### Exercise objective
Please restate each line of the data that follows word for word, skipping any image.

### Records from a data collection

↓

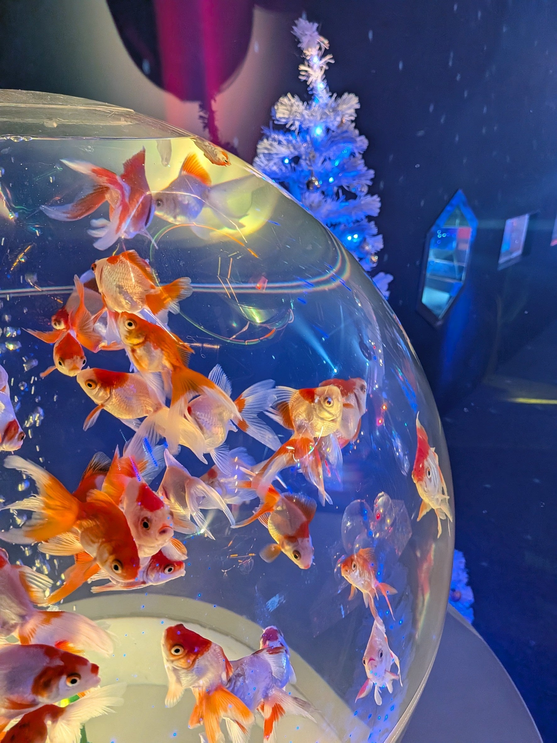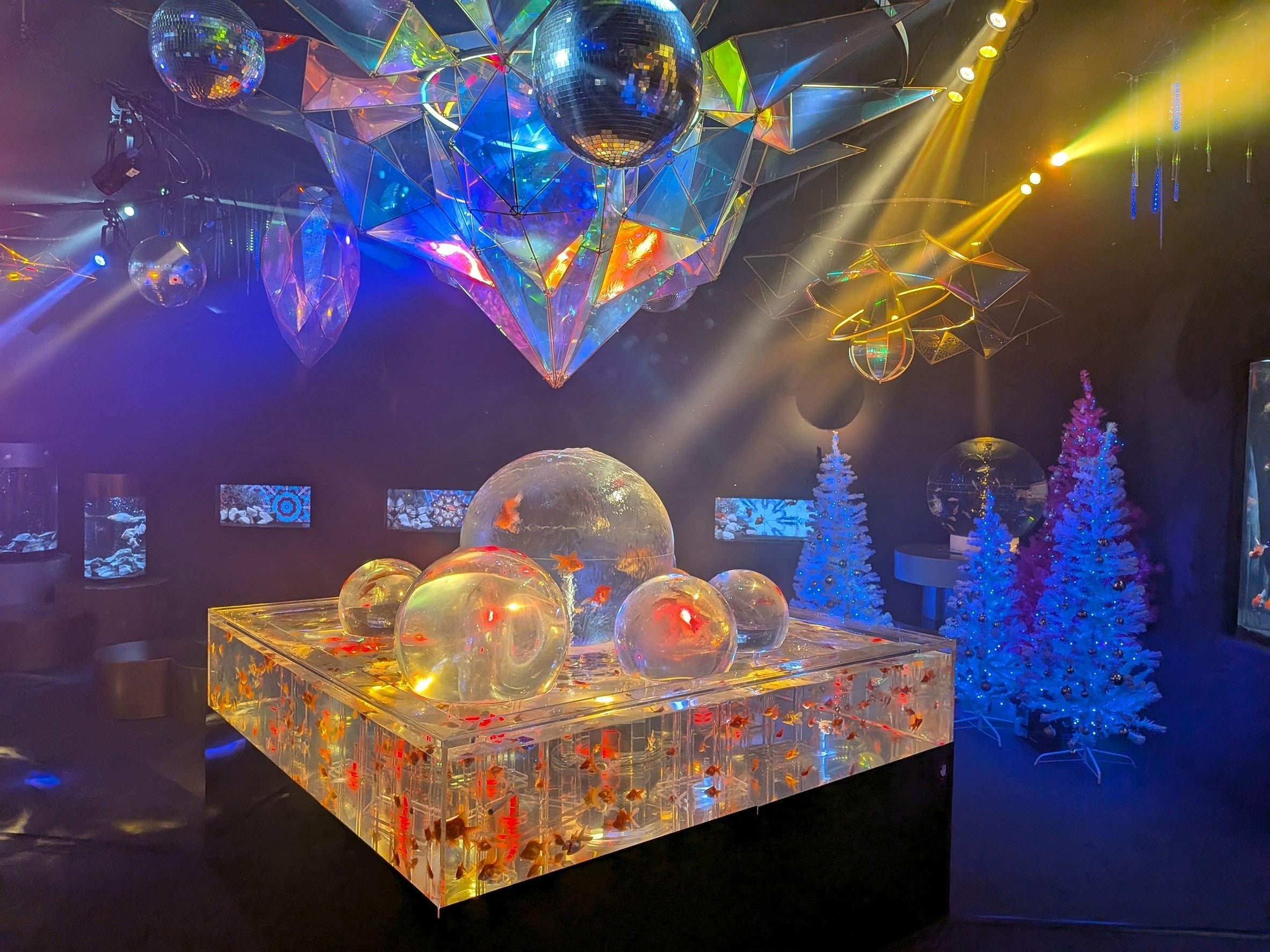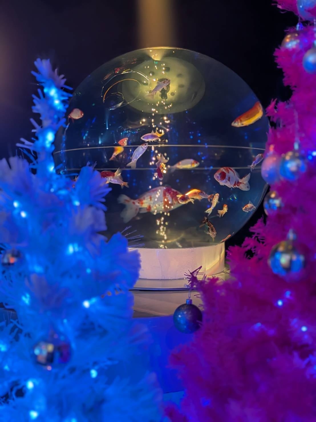 館内全体では、白いツリーや冬をイメージした装飾を加え、通常展示をやわらかな冬景色へとアレンジしています。なかでも冬企画の中心となる「ZONE7:金魚ディスコ -KINGYO DISCO-」では、白系の金魚を多く取り入れた水槽展示と、エリア全体に雪が降る演出を組み合わせることで、水中と空間の両方で冬の情景を表現しました。幻想的な雰囲気をお楽しみいただける、期間限定のデザインとなっています。
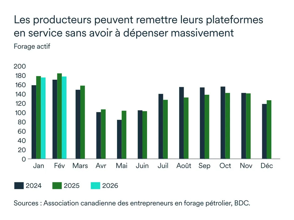 Les activités de forage ont légèrement baissées au cours des deux premiers mois de 2026, par rapport à 2025, ce qui témoigne d'investissements et d'opérations sur le terrain modestes, mais soutenus. Alors que les tensions au Moyen-Orient s’intensifiaient, les producteurs de l'Alberta sont bien placés pour augmenter leur production sans avoir à engager de dépenses massives afin de tirer parti de la récente hausse des prix.
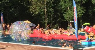 Bei bestem Sommerwetter und Temperaturen um die 30 Grad brachte das von der Sparkasse engagierte Zephyrus - Team, langjährige Partner der Sparkasse und somit ebenfalls fester Bestandteil dieser Poolpartys, die einigen Hundert Kinder und Jugendlichen gleich so richtig in Fahrt.
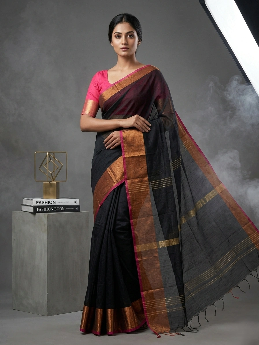 Black Plain Cotton Silk Saree with Copper Zari Border is a festive cotton silk saree with a plain body in a solid colour. The saree has a broad golden border on one side and a narrow golden border on the other side. The saree comes with a running blouse piece. It is a perfect fit for festivals and weddings.
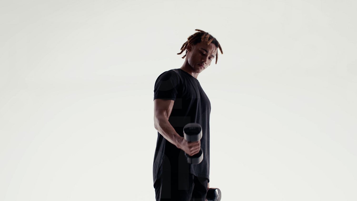 A focused man exercises with dumbbells building strength and muscle in a bright studio
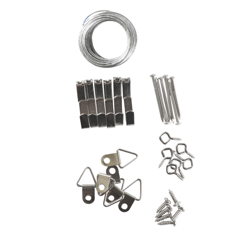 Everhang picture hanging kits makes it easy to hanging pictures. The kit contains screw eyes, picture wire and angle drive hooks.
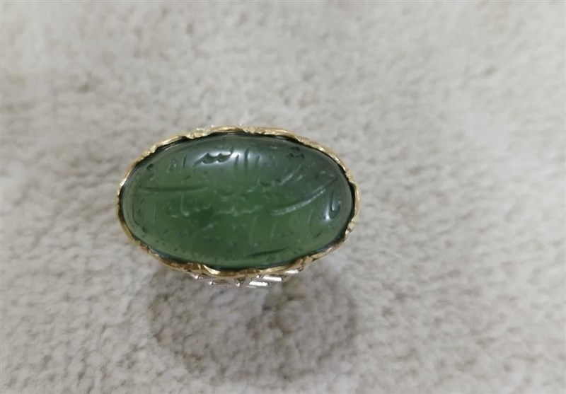 انگشتریای که حضرت آیتالله خامنهای در دست داشتند و به جوهریخو اهدا کردند، نوشتهای قابل توجه داشت؛ «شهید آلاللّه سلیمانی، ما ملت امام حسینیم»،

↑

### Solution for this task
 館内全体では、白いツリーや冬をイメージした装飾を加え、通常展示をやわらかな冬景色へとアレンジしています。なかでも冬企画の中心となる「ZONE7:金魚ディスコ -KINGYO DISCO-」では、白系の金魚を多く取り入れた水槽展示と、エリア全体に雪が降る演出を組み合わせることで、水中と空間の両方で冬の情景を表現しました。幻想的な雰囲気をお楽しみいただける、期間限定のデザインとなっています。
 Les activités de forage ont légèrement baissées au cours des deux premiers mois de 2026, par rapport à 2025, ce qui témoigne d'investissements et d'opérations sur le terrain modestes, mais soutenus. Alors que les tensions au Moyen-Orient s’intensifiaient, les producteurs de l'Alberta sont bien placés pour augmenter leur production sans avoir à engager de dépenses massives afin de tirer parti de la récente hausse des prix.
 Bei bestem Sommerwetter und Temperaturen um die 30 Grad brachte das von der Sparkasse engagierte Zephyrus - Team, langjährige Partner der Sparkasse und somit ebenfalls fester Bestandteil dieser Poolpartys, die einigen Hundert Kinder und Jugendlichen gleich so richtig in Fahrt.
 Black Plain Cotton Silk Saree with Copper Zari Border is a festive cotton silk saree with a plain body in a solid colour. The saree has a broad golden border on one side and a narrow golden border on the other side. The saree comes with a running blouse piece. It is a perfect fit for festivals and weddings.
 A focused man exercises with dumbbells building strength and muscle in a bright studio
 Everhang picture hanging kits makes it easy to hanging pictures. The kit contains screw eyes, picture wire and angle drive hooks.
 انگشتریای که حضرت آیتالله خامنهای در دست داشتند و به جوهریخو اهدا کردند، نوشتهای قابل توجه داشت؛ «شهید آلاللّه سلیمانی، ما ملت امام حسینیم»،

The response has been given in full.